Âleykum selam we rahmetullah ;
Vaktin kısalması manasında rivayet ve izâhı şöyledir;
Rasulullah (s.a.v.) şöyle buyurmuştur:
"Zaman yaklaştığında, mu'minin rüyası neredeyse hiç yanlış çıkmaz. En doğru sözlü olan kimsenin rüyası da en doğrudur. Ruya, nubuvvetin kırk parçasından bir parçadır."
(İbn Mace, Ruya, Bab 9, Hadis no: 3917)
Âlimler burada geçen "zaman yaklaştığında" sözünden, zamanın kıyamete yaklaşmasını, ona doğru yakınlığını, kıyamete yakın olması hasebiyle, zamanın bitmeye yaklaştığını/bitmeye yüz tuttuğunu anlamışlardır.
Tuhfe yazarının beyânına göre el-Fâik sahibi bu ifâdenin üç şekilde yorumlandığını şöyle nakletmiştir:
Birincisi kıyametin yaklaşmasıdır, ikincisi gece ile gündüzün eşit olduğu mevsimdir. Üçüncüsü yılın ay gibi, ayın hafta gibi haftanın gün gibi ve günün bir saat gibi kısıldığı zaman ki Mehdi'nin zamanıdır. Çünkü o dönemde adalet yaygınlaşır, hayat tathlaşır ve dolayısıyla zamanın nasıl geçtiğinin farkına varılmaz.
Konuyla ilgili bir başka rivayette; Ebu Hurayra (r.anh) Rasulullah (s.a.v.) şöyle buyurmuştur:
"Zaman tekarub eder, ameller (bir rivayette ilim) noksanlaşır, insanlar hırsa bürünür, fitneler ortaya çıkar, herc-u merc olur / öldürmeler çoğalır."
(Buharî, Edeb, Bab 39, Hadis no: 66 ; Fiten, 25; Muslim, İlim, Bab 5, Hadis no: 11-12)
Âlimler, hadiste geçen "zamanın tekarubunu" (zamanın yaklaşmasını) farklı anlamışlardır. Bazıları bunu "gece-gündüzün sürekli eşit olacağı zamanı" anlamışlardır. İbn Hacer (rahimehullah) ise daha farklı yorumlamıştır :
Bundan maksat: Kıyametin yaklaşmasıdır. Kıyamete yakın ahir zaman fitnesinde, öyle bir zaman gelecek ki; her şeyden bereket kalktığı gibi, zaman da bereketsiz olur. Gece-gündüz büyük bir hızla gelip geçer. Bu husus, şu anda herkesin bizzat görüp şikâyette bulunduğu bir realitedir.

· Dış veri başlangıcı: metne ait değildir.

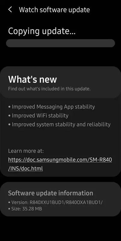 Die Firmware wiegt 35 MB. Sie hat die Build-Nummern R810XXU1FUD1/R840XXU1BUD1 und die gleiche Liste an Änderungen. Die Uhr verfügt über verbesserte Wi-Fi- und Messaging-Apps. Außerdem haben die Entwickler kleinere Bugs in der Software behoben sowie an der Stabilität und Akkulaufzeit der Geräte gearbeitet.

Bir hadiste bu anlam açıkça görülmektedir:
"Zaman yaklaşır. Öyle ki yıl bir ay gibi, ay bir cumua/bir hafta gibi, hafta bir gün gibi, gün bir saat gibi, saat ise, bir anda yanıp kül olan hurma ağacının dalı gibi suratle gelib geçer. Ayrıca o zamanda bulunan insanların seviyesi –genellikle- birbirine yaklaşmış olur. Hayırlı işler yapmamakta, kötülük yapmakta insanlar aynı düzeyi paylaşmış olur."